I realized that was kind of weird. Trees didn’t usually make echoes, I thought. The sound kept coming even when I stopped chopping. That was really weird.
“Do you hear that?” I asked Iason, who was clearing out a space for the fire.
“I hear a great many things,” he said. “Including, I must imagine, anything you might hear with your human ears.”
“Do you hear chopping?” I asked.
“I did,” Iason said. “I’d like to hear it again. I asked you to do one little thing, Iamie. Was that too much?”
“You don’t hear that?” I asked.
“Iamie, if you’re not going to do it, then lend me your axe and I will,” he said.
“Hold on,” I said. “I want to see where it’s coming from, okay? I’ll be right back.”
“Bring back wood!” Iason said.
I was very conscious of the fact that I was walking barefoot and naked into the forest. I didn’t want to stop to get dressed and risk losing the sound, though. It wasn’t hard to pick my way around the brush and the trees, anyway.

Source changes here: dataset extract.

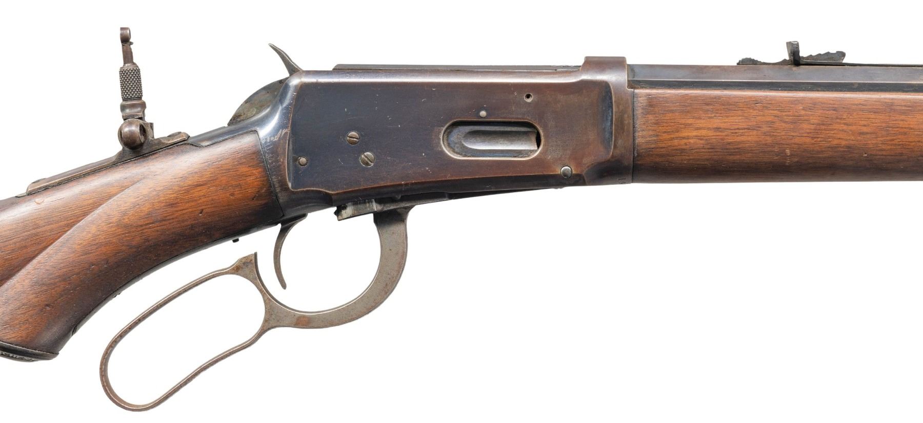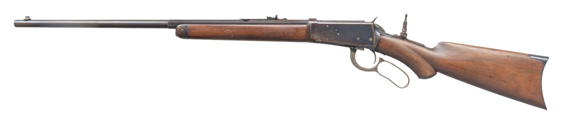 ACTION RIFLE. Cal. 32-40. S# 190688. Mfg. 1903. Bbl. 24" part rd - oct. with Lyman bead front sight (bead missing), elevator adjustable sporting rear sight. "Manufactured by the Winchester Repeating Arms Co. / New Haven. Conn. U.S.A. Patented August 21. 1894." Marked on the top flat. Button mag. Plain trigger. Lyman No.1 2nd variation tang sight. Lower receiver tang marked "17331 CH". Plain pistol grip walnut stock set with replacement blued crescent smooth buttplate & Winchester Repeating Arms hard rubber pistol grip cap. The butt is marked "94 / 17331" under the buttplate. CONDITION: overall good. Bbl has thinning original blue with approx 70% coverage showing some high edge wear, a few dings at the muzzle, and some scattered light freckled oxidation. Receiver has thinning finish in the carry areas with exposed areas turning to a brown patina with some evidence of old touch up bluing. The original receiver blue has approx 70% coverage with some scattered light handling marks and light scratches. The stock set has been sanded and refinished and the replacement buttplate is not a great fit. Nose cap has thinning finish with the balance showing a brown patina. Lever has traces of case coloring in the protected areas. Loading gate retains 30% fire blue. Buttplate has 95% reblued finish. Bore shows light frosting and some scattered pitting with distinct rifling. (25-1311/ZAL). CURIO. $1,000-1,500.

It was almost like there was a path.
The thuds continued to come at slow, regular intervals, getting louder as I drew closer. I also heard a voice. I couldn’t understand the language , but it sounded like grumbling or swearing.
The path led out into a clearing, and I saw the woodsman. He was a little man with ruddy, leathery skin, a long hooked nose and a bushy black beard. Someone who had never seen a dwarf in person might have taken him for one, but he was both shorter and rounder than a dwarf. Dwarves are sometimes called rotund, but they’re usually wider across than they are from front to back. He was about the same in both dimensions. At just under two feet tall, he would have been short even for a gnome.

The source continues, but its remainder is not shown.